"Us" and "Them": A Note on Writing Style
Written by Jeff Hitchcock
Posted: May 1996
hite Americans have a habit. We don't refer to our racial identity in a self-conscious way. What do I mean by that? How often have you seen statements written by white Americans using the pronouns "I," "we," and "us" in a racial context? It's seldom done.
True, white supremacists use a racially self-conscious style of writing. But white Americans who do not intend to be racist generally write about racial experience in a way that separates the writer from the racial experience he or she is describing. The sentence you just read is a case in point. Let me rephrase it. As a white American writing about white Americans, I notice we often do not describe our racial experience in personal terms. Yes, that's better. A little more personal, as if I am really part of what I write about.
bell hooks has written:
Many scholars, critics, and writers preface their work by stating that they are white, as though mere acknowledgement of this fact were sufficient, as though it conveyed all we need to know of standpoint, motivation, direction...Yet none of these [scholars, critics and writers] write articles reflecting on their critical process, showing how their attitudes have changed.
From "Critical Interrogation: Talking Race, Resisting Racism." Yearning. Boston, MA: South End Press, 1990.

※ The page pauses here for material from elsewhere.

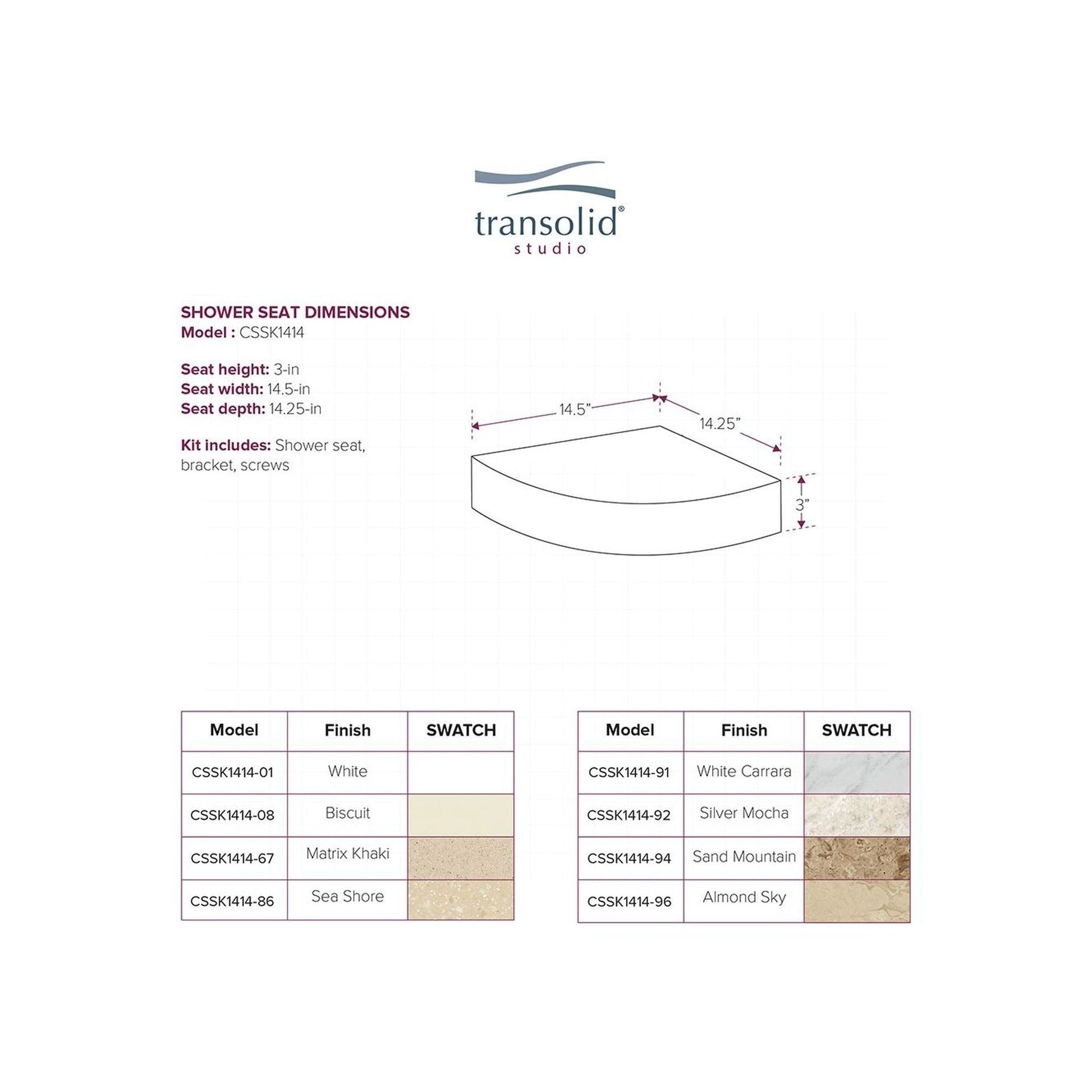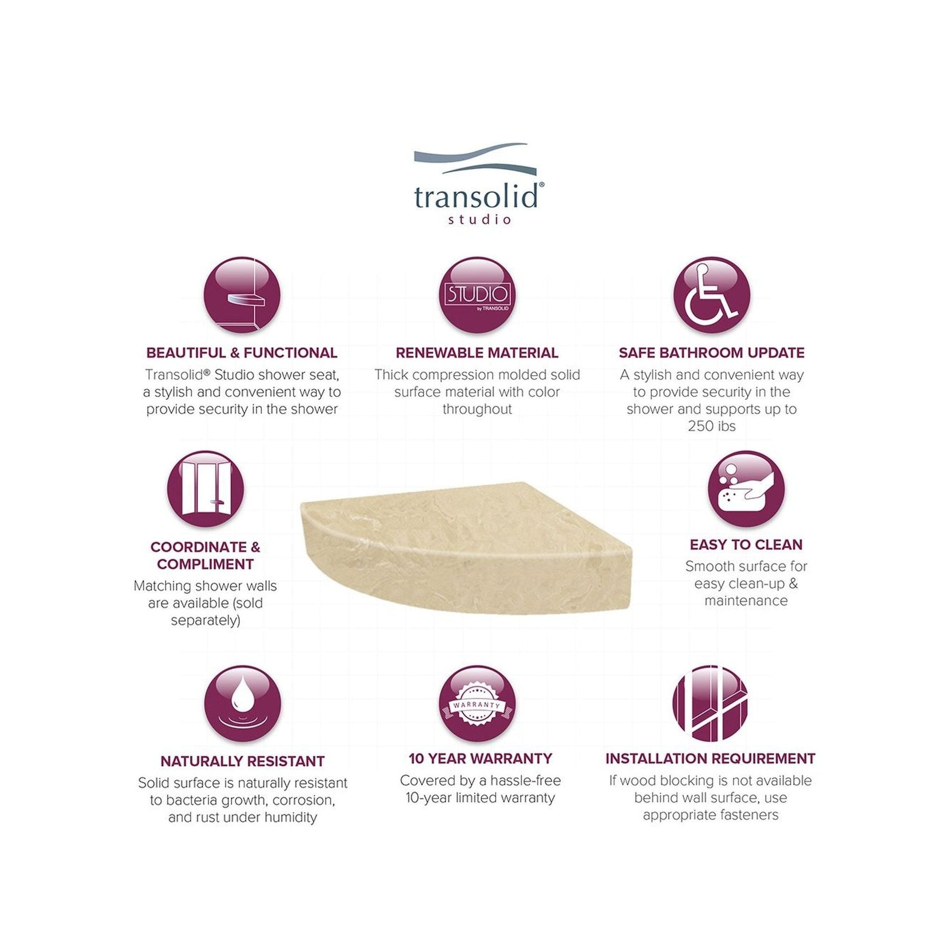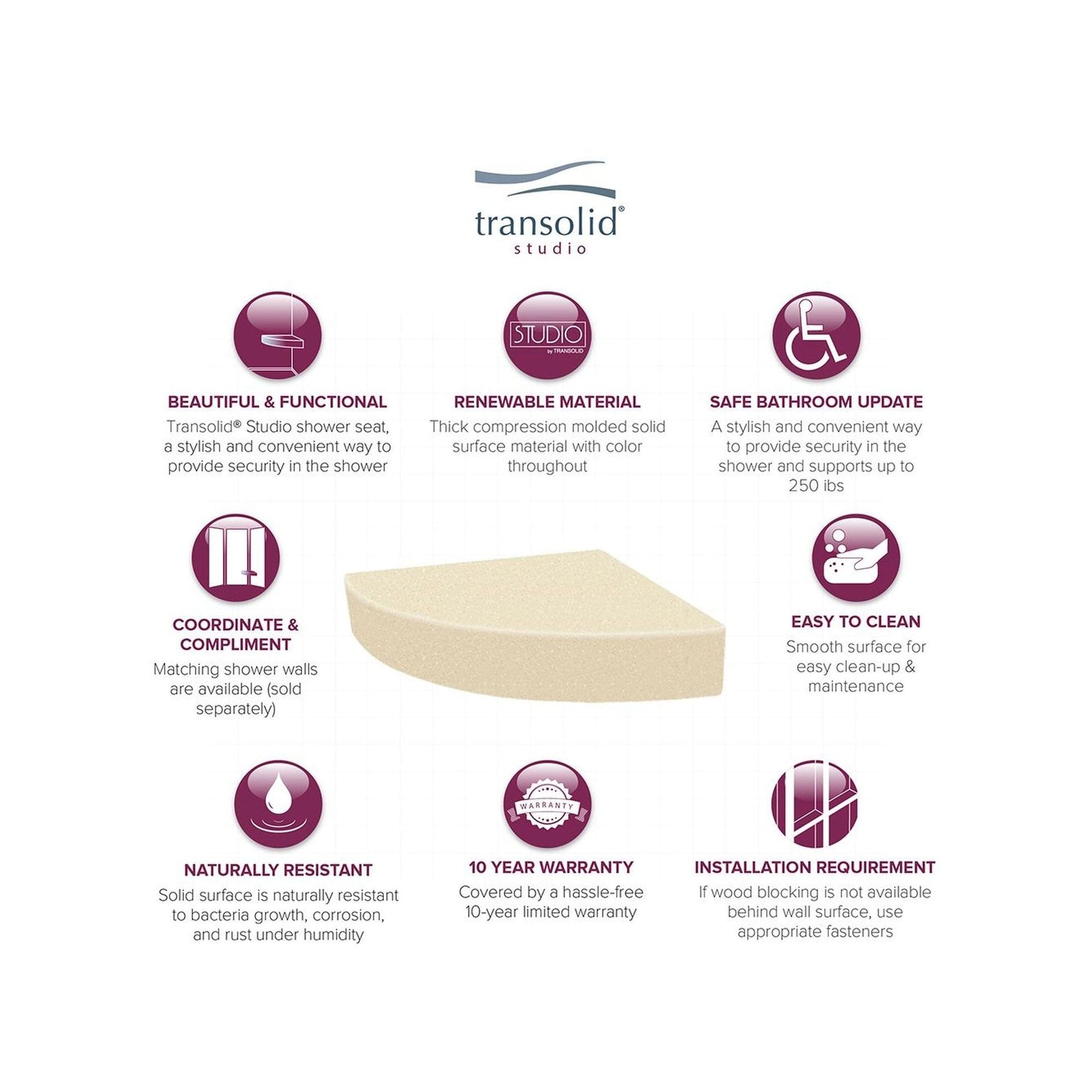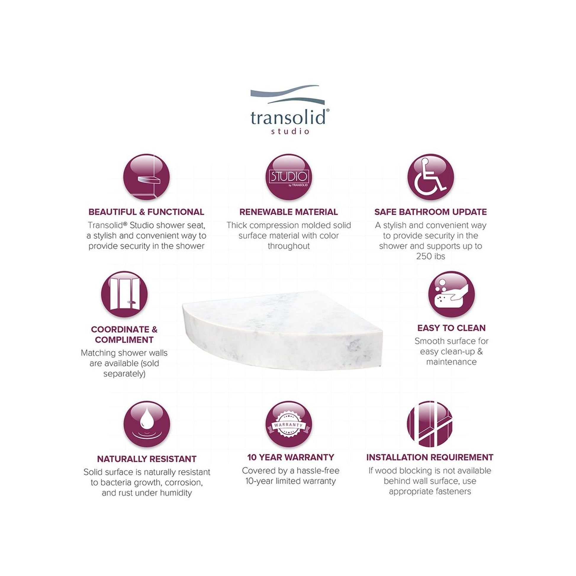 Siège de douche d'angle mural en surface solide Transolid Studio 14 po x 14 po - 14,5 x 14,25 x 3

"In a thousand words of intellectual analysis about race and racism, white American authors are unlikely to share ten words of feelings having to do with the fact of their being white." |
And you know, it's true. We don't get down to the nitty-gritty, whether it's rolling in the mud or telling our highest aspirations. We write about "us" as if we are simply another "them." Few white Americans really come forth and say how we feel about these issues. In a thousand words of intellectual analysis about race and racism, white American authors are unlikely to share ten words of feelings having to do with the fact of their being white.
All of which is to say, we encourage the personal expression and ownership of feelings about race and whiteness in the articles and postings at this website. It is difficult, if not impossible to work under the constraints of colorblind rhetoric when talking about issues of color. So, we encourage use the terms "I," "we," and "our" where needed to describe the racial experience of the writers. Writers of color have long made use of this convention when articulating their perspectives. We encourage white Americans to do the same.
This is not intended to be exclusionary. It does not mean Not-to-Be-Read-by-People-of-Color. Everything here is intended for a multiracial audience. Our subject matter is whiteness, but people of any color can and do have opinions and insights on this topic. And people can learn about whiteness both from their racial peers and from people of a different racial background.
There is a place for colorblind statements. The last sentence in the paragraph above is an example. But colorblindness that permits white authors to escape from detailing their inner experience and feelings, or that fails to call upon common elements of white experience is, at heart, exclusionary. It excludes people of color, and white people, from understanding and discussing what really underlies the experience of being white in America.